Bristol-Myers Squibb has presented a batch of clinical trial data showing that a combination of its immunotherapies Yervoy and Opdivo reduced tumours in patients with lung cancer with an acceptable tolerability profile.
Updated results from the Opdivo (nivolumab)/Yervoy (ipilimumab) arms in CheckMate-012, a multi-arm Phase Ib trial evaluating the former in patients with chemotherapy-naïve advanced non-small cell lung cancer (NSCLC), showed objective response rates ranging from 13% to 39%.

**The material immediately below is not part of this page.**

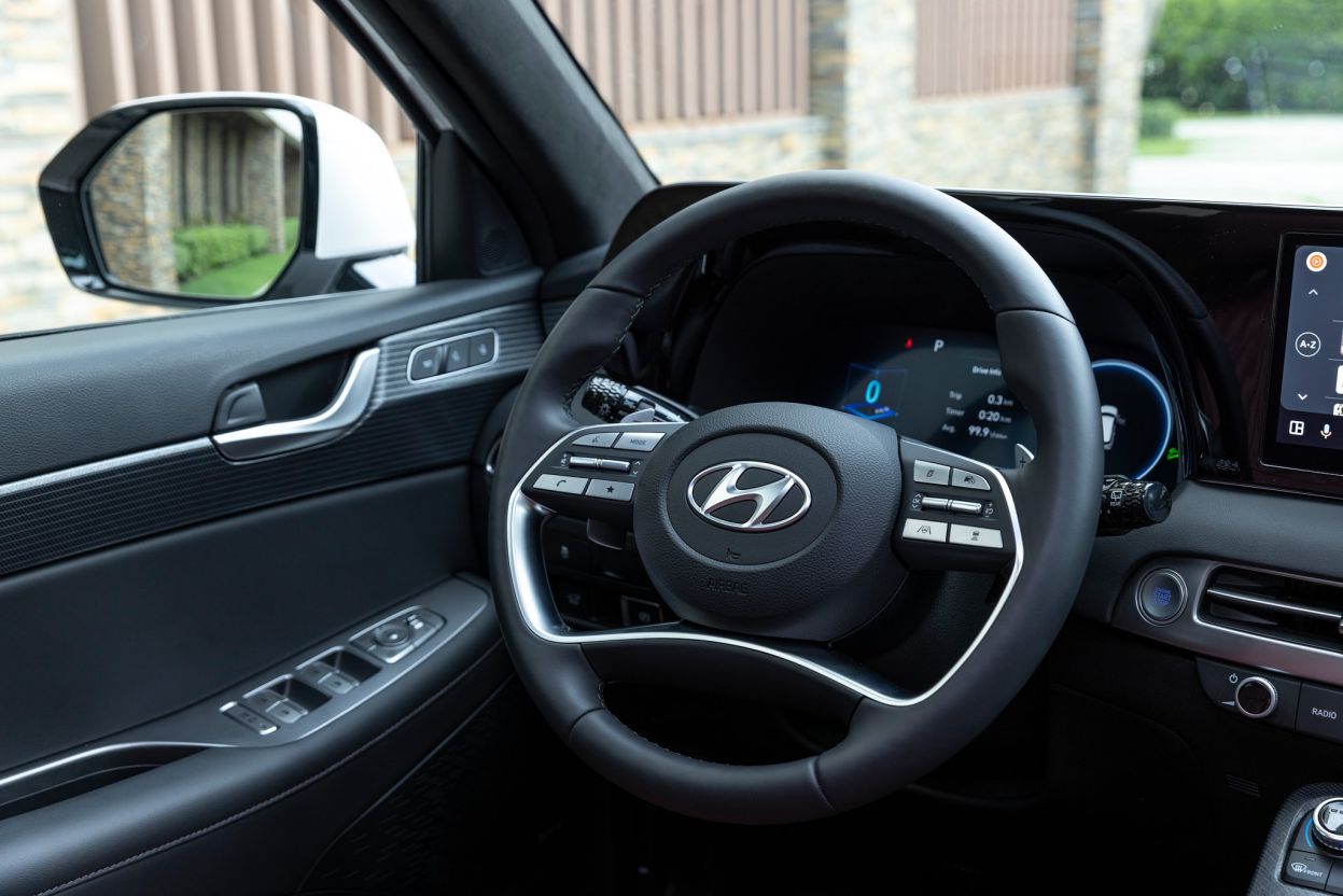Xe Hyundai Palisade thế hệ mới sử dụng vô lăng đa chức năng 3 chấu mạ kim loại, bọc da cho cảm giác cầm nắm mềm mại. Ngay phía sau tay lái là bảng đồng hồ được tích hợp thêm màn hình kỹ thuật số với chất lượng hiển thị sắc nét.

Median duration of response was not reached in any of these arms with a median follow-up of 6.2 months to 16.6 months, and median progression-free survival ranged from 4.9 months to 10.6 months, the firm said.
On the safety side, the new dosing schedules resulted in less toxicity than previously-reported ones, and were characterised by low frequency of treatment-related adverse events leading to discontinuation (3% to 10%) and no treatment-related deaths.
Clinical data from combinations of Opdivo+Yervoy have already been reported in previously untreated metastatic melanoma, showing increased efficacy (but also a rise in side effects), and US regulators are currently considering whether the firm should be able to market the dual therapy in this indication.
Preliminary data from this trial “similarly push the envelope of benefit with an immunotherapy combination strategy in the first-line treatment of advanced non-small cell lung cancer which warrants further studies,” noted Naiyer Rizvi, director of Thoracic Oncology and Immunotherapeutics for the Division of Haematology and Oncology at Columbia University Medical Centre.
Last week BMS filed a supplemental Biologics License Application seeking permission to market Opdivo for previously treated patients with non-squamous non-small cell lung cancer, adding to its approved indications in squamous NSCLC and advanced melanoma.